══ Supplied material

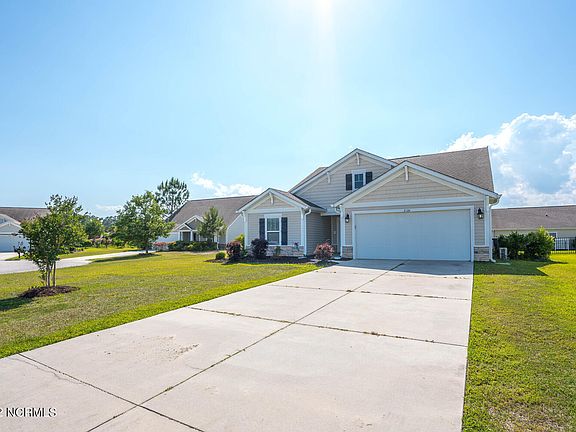 Here is your home at the beach in the sought after community of Spring Mill in Calabash, NC! Large back yard with a gorgeous pond view on a private/quiet cul-de-sac. Screened-in patio out back to enjoy our year-round temperate climate here in NC. The Savannah floor plan features 4BR's/3.5BA's with 3 bedrooms downstairs including the large primary bedroom, 2 guest bedrooms downstairs, and another bedroom and a loft area upstairs with a full bathroom. Entry foyer, a formal dining room, a gorgeous kitchen with tons of cabinet space, granite counters, a corner pantry, and family room combo provide plenty of room for everyone to gather. The primary bedroom suite has a bay window, a giant master bath with double vanity, a large walk-in closet, a linen closet and 5' walk-in shower. Tile flooring in entry, kitchen, utility room and all baths. Open floor plan with a formal dining room and the kitchen overlooks the living room which makes it a great home for entertaining. New top of the line HVAC unit installed in October of 2021 with a 10 year transferrable warranty. This home is eSMART with standard features such as low-e windows, a programmable thermostat, energy monitor, water-saving faucets, and fixtures and more, which translates to lower energy costs. Owners also added a split unit in the garage which they used as a home gym. Great location! Only a 10 minute drive into North Myrtle Beach for tons of shopping/restaurants, but you can enjoy the quiet life in Calabash here. Also only about 10 minutes to the sand on the locals' favorite, Sunset Beach, and a few minutes into the quaint fishing village of Calabash with more shopping and restaurants. Spring Mill also has a beautiful community clubhouse with an outdoor pool, a fitness center, and a lounge area for owners to enjoy. This one won't last long. Book your appointment today to come see it in person!
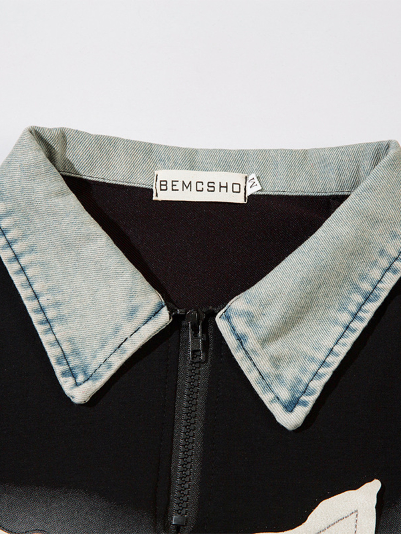 Men's Denim Collar Star Patch Short Sleeve Polo
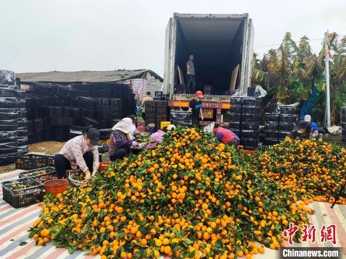 近日,在广西南宁市西乡塘区坛洛镇同富村,村民在采摘砂糖橘供应海内外市场。中新社记者 黄艳梅 摄
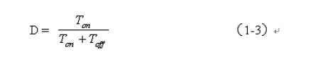 式中Ton為控制開關(guān)K接通的時(shí)間,T為控制開關(guān)K的工作周期。改變控制開關(guān)K接通時(shí)間Ton與關(guān)斷時(shí)間Toff的比例,就可以改變輸出電壓uo的平均值Ua 。一般人們都把 稱為占空比(Duty),用D來(lái)表示,即:
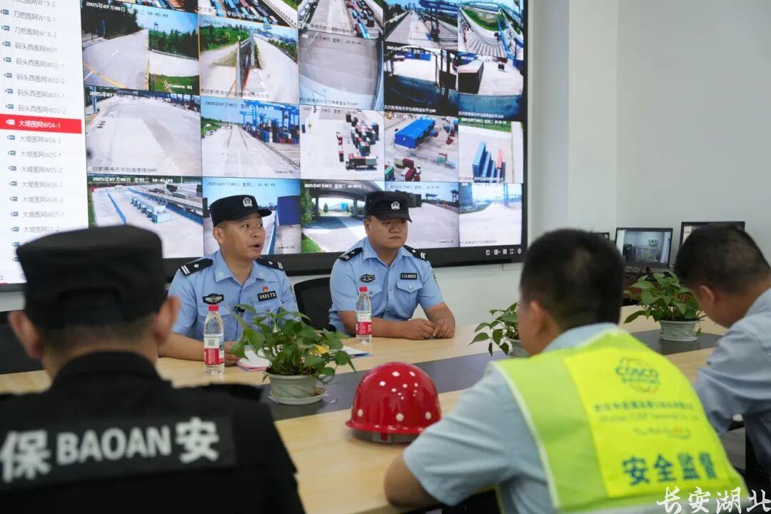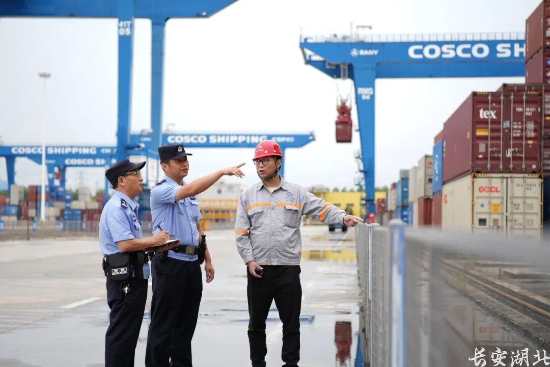 就在这繁忙的物流画卷中,湖北省武汉市公安局武汉长江新区分局余集派出所民警钟珩正和厂区安检人员正在集装箱堆场巡逻,“港区24小时连轴转,我们的守护也得跟得上,要让每一批‘出海出境’的货物都走得安全、走得顺畅。”
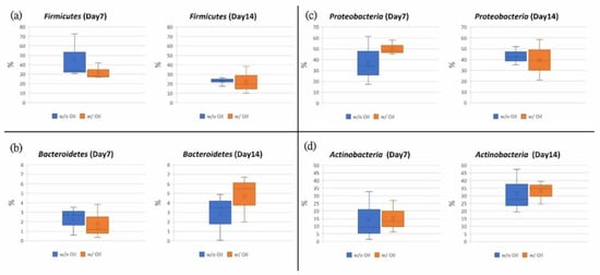 Tested teeth were subjected to ligature-induced periodontitis. Data from samples treated with and without SM oil were compared. Sub-figures show box plot analysis in the phylum of (a) Firmicutes, (b) Bacteroidetes, (c) Proteobacteria and (d) Actinobacteria.

════

Your assignment: If a record holds a picture, skip the picture and write out everything else exactly.

Reply:
 Here is your home at the beach in the sought after community of Spring Mill in Calabash, NC! Large back yard with a gorgeous pond view on a private/quiet cul-de-sac. Screened-in patio out back to enjoy our year-round temperate climate here in NC. The Savannah floor plan features 4BR's/3.5BA's with 3 bedrooms downstairs including the large primary bedroom, 2 guest bedrooms downstairs, and another bedroom and a loft area upstairs with a full bathroom. Entry foyer, a formal dining room, a gorgeous kitchen with tons of cabinet space, granite counters, a corner pantry, and family room combo provide plenty of room for everyone to gather. The primary bedroom suite has a bay window, a giant master bath with double vanity, a large walk-in closet, a linen closet and 5' walk-in shower. Tile flooring in entry, kitchen, utility room and all baths. Open floor plan with a formal dining room and the kitchen overlooks the living room which makes it a great home for entertaining. New top of the line HVAC unit installed in October of 2021 with a 10 year transferrable warranty. This home is eSMART with standard features such as low-e windows, a programmable thermostat, energy monitor, water-saving faucets, and fixtures and more, which translates to lower energy costs. Owners also added a split unit in the garage which they used as a home gym. Great location! Only a 10 minute drive into North Myrtle Beach for tons of shopping/restaurants, but you can enjoy the quiet life in Calabash here. Also only about 10 minutes to the sand on the locals' favorite, Sunset Beach, and a few minutes into the quaint fishing village of Calabash with more shopping and restaurants. Spring Mill also has a beautiful community clubhouse with an outdoor pool, a fitness center, and a lounge area for owners to enjoy. This one won't last long. Book your appointment today to come see it in person!
 Men's Denim Collar Star Patch Short Sleeve Polo
 近日,在广西南宁市西乡塘区坛洛镇同富村,村民在采摘砂糖橘供应海内外市场。中新社记者 黄艳梅 摄
 式中Ton為控制開關(guān)K接通的時(shí)間,T為控制開關(guān)K的工作周期。改變控制開關(guān)K接通時(shí)間Ton與關(guān)斷時(shí)間Toff的比例,就可以改變輸出電壓uo的平均值Ua 。一般人們都把 稱為占空比(Duty),用D來(lái)表示,即:
 就在这繁忙的物流画卷中,湖北省武汉市公安局武汉长江新区分局余集派出所民警钟珩正和厂区安检人员正在集装箱堆场巡逻,“港区24小时连轴转,我们的守护也得跟得上,要让每一批‘出海出境’的货物都走得安全、走得顺畅。”
 Tested teeth were subjected to ligature-induced periodontitis. Data from samples treated with and without SM oil were compared. Sub-figures show box plot analysis in the phylum of (a) Firmicutes, (b) Bacteroidetes, (c) Proteobacteria and (d) Actinobacteria.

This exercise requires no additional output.